Reported side effects, other than those associated with a general anaesthetic are apparently minimal and include intermittent hoarseness and difficulty swallowing while the device is sending electrical impulses.
The surgery to fit the VNS was relatively straightforward and Hugh was discharged the following day with a dressing on his neck and another on his chest. Hugh recovered quickly and needed minimal pain relief over the following days. Although the scar on his chest is a raised keloid scar, the one on his neck is bravely visible. Two weeks after surgery we returned to hospital for the device to be turned on. This was all done electronically with a large ‘wand’ held over the device in his chest and it was all programmed through an iPad.
The settings can be changed as often as necessary until a therapeutic level is found and we have regular appointments with the epilepsy nurse to check and adjust settings. The strength of the electrical impulse can be adjusted as well as the length of time it is ‘on’ and ‘off’ for, or rather, how frequently it sends electrical impulses to the brain. In addition to the regular impulses generated by the device, we also have a magnet, that we swipe over the VNS at the onset of a seizure, to give a ‘boost’ of electrical activity.

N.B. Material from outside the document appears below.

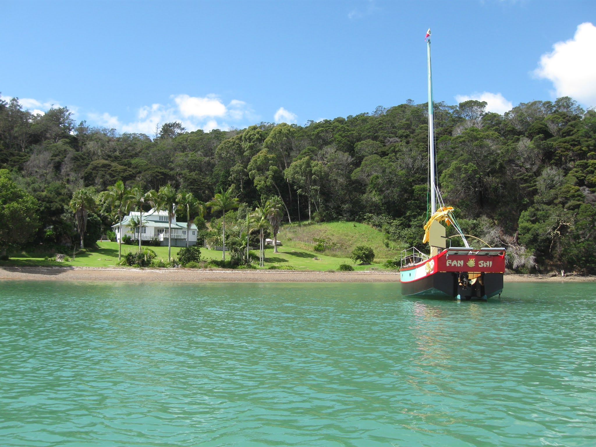 Another NE gale was was forecast and at first I thought I’d sit it out in Whangateau. However, the longer term forecasts were talking of at least a week of E winds, which would build up a swell. I wasn’t entirely sure that this wouldn’t find its way in to where I was anchored, and I was certain that I didn’t fancy crossing the bar at the entrance until the swell had died down. Thus, the next day I sailed round to Kawau I, which shelters a large bay and provides a choice of anchorages, such as North Cove and Bon Accord. The sail looked a lot happier when I hoisted it and we had a pleasant sail to North Cove, where my friend, Mike, had organised a mooring for me. I stayed there for several days while the wind howled outside, but only the odd gust moved us around. It must be about the most sheltered mooring in that very sheltered harbour!

I was dismayed, initially, to notice an increase in Hugh’s seizures. However, these were generally less severe. Over time, they also decreased in frequency and within a year of his VNS surgery, we could say, with confidence, that there had been a definite improvement in his seizure control. He was hospitalised less, required less rescue medication and was generally more alert and engaged. Other than the rather unsightly scar on his chest and occasionally coughing when the settings are first adjusted, we have noticed no untoward side effects.
The battery on the VNS ran out relatively quickly though and within two and a half years, he needed it replaced. The surgery to replace the battery was quick and simple though and the added bonus was that the device was replaced with the latest model which now had an ‘auto-stim’ feature. This automatically sends an electrical impulse to the brain when it detects an increase in heart rate. This is in addition to the regularly programmed impulses and the boost that the magnet gives. With this new updated VNS, we have seen the best level of seizure control yet and even managed a full 17 months without a major, life threatening episode.
I initially assumed that the diagnosis of epilepsy would lead to effective treatment and that life could resume as normal. However, we have had to continuously adapt and adjust treatment to manage Hugh’s epilepsy. Oftentimes failing spectacularly to maintain any level of control at all. We’ve also had to frequently adapt and adjust our hopes and expectations of what we can achieve in terms of seizure control. Hugh isn’t, and I doubt ever will be, completely seizure free. Yet, thankfully, the VNS, gives us another tool in our armamentarium. And for now, that is working reasonably well.